Debt to equity for these companies is not as poor as it could be with DRYS at 1X while TBSI is at 1.3X, but levered free cash flow is negative for both DRYS and TBSI.

Profits are absolutely all over the place. The books tend to report positive numbers for Dryships, but then GAAP results and basic financial trickery such as the recent spinoff and dilution destroys most every cent one way or another. TBSI profits are just nonexistent from the start, so little trickery is needed. Analysts expect TBSI to lose almost $3 next year, while the stock price is already well below $1.

Qualitative Assessment:

The companies survive by doing nothing but working hard as beggars for creditors to make an exception for debt payments and broken debt covenants. On Thursday, George Economou inked a new credit facility of $141 million to help pay for reckless expansion, so the leverage will likely rise in days. And Economou markets his ability to beg as a strength in his company.



The charts below show that these two companies have truly behaved in an amazingly similar manner. The companies have experienced financial turmoil in nearly identical ways. For charts to be so perfectly down, so smoothly correlated, while the executives continue to plunder the companies, I think the government should step in and force the auditing firms to relinquish control over the audits. Obviously the auditors are the problem.

Conclusion:

Investors who see these two companies pop up on their stock screeners ought to be aware that the listed book values which are well above current market prices are not accurate. They should also be aware that both companies are on the brink of breaking Nasdaq listing requirements.
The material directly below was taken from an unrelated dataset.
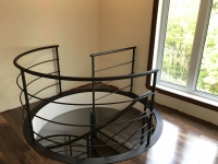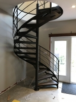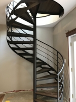 Escalier tournant en acier. Panneau acier perforé latéral Marches en bois Garde corps circulaire

In particular, Nasdaq requires a $1.00 share price for continued listing. TBSI is clearly having trouble with that requirement. It could mean that TBSI and DRYS are headed to the pink sheets sooner than later, which will mean shareholder liquidity will worsen substantially.

And it's TBSI by a nose!

Disclosure: I have no positions in any stocks mentioned, and no plans to initiate any positions within the next 72 hours.